Exercise
In the entries below, find the line with "전력사업은 발전소에서 만들어진" and the line with "Boho baby pink"; reproduce those two lines and all lines between them exactly, without pictures.

Materials provided
----------------
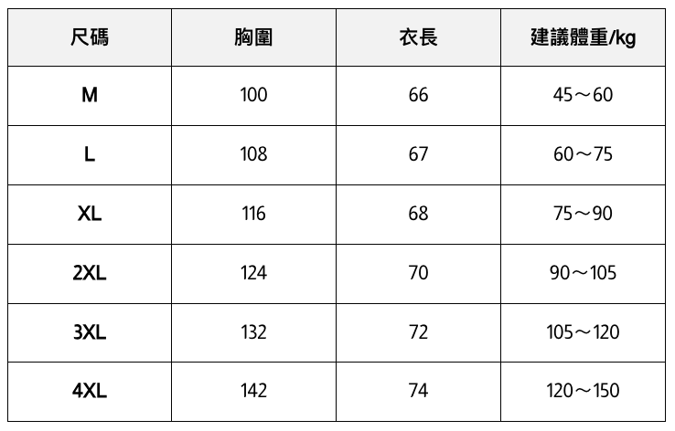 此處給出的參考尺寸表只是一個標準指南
----------------
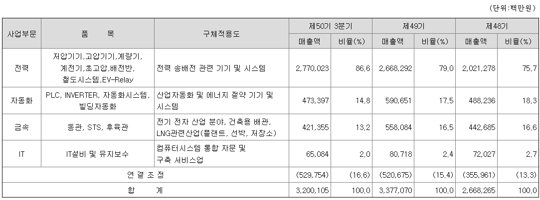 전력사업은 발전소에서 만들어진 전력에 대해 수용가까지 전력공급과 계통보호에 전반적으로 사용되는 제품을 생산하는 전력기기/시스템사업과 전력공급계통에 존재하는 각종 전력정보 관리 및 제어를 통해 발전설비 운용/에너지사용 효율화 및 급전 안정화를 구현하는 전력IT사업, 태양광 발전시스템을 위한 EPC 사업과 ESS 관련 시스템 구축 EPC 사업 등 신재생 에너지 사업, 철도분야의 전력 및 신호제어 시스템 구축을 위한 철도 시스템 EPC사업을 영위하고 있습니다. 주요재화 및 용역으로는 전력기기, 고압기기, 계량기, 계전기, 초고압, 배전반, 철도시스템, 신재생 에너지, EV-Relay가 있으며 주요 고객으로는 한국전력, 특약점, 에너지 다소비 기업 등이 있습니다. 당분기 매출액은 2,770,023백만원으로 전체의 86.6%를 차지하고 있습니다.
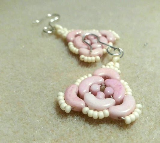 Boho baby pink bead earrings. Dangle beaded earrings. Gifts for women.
----------------
Solution to this task
 전력사업은 발전소에서 만들어진 전력에 대해 수용가까지 전력공급과 계통보호에 전반적으로 사용되는 제품을 생산하는 전력기기/시스템사업과 전력공급계통에 존재하는 각종 전력정보 관리 및 제어를 통해 발전설비 운용/에너지사용 효율화 및 급전 안정화를 구현하는 전력IT사업, 태양광 발전시스템을 위한 EPC 사업과 ESS 관련 시스템 구축 EPC 사업 등 신재생 에너지 사업, 철도분야의 전력 및 신호제어 시스템 구축을 위한 철도 시스템 EPC사업을 영위하고 있습니다. 주요재화 및 용역으로는 전력기기, 고압기기, 계량기, 계전기, 초고압, 배전반, 철도시스템, 신재생 에너지, EV-Relay가 있으며 주요 고객으로는 한국전력, 특약점, 에너지 다소비 기업 등이 있습니다. 당분기 매출액은 2,770,023백만원으로 전체의 86.6%를 차지하고 있습니다.
 Boho baby pink bead earrings. Dangle beaded earrings. Gifts for women.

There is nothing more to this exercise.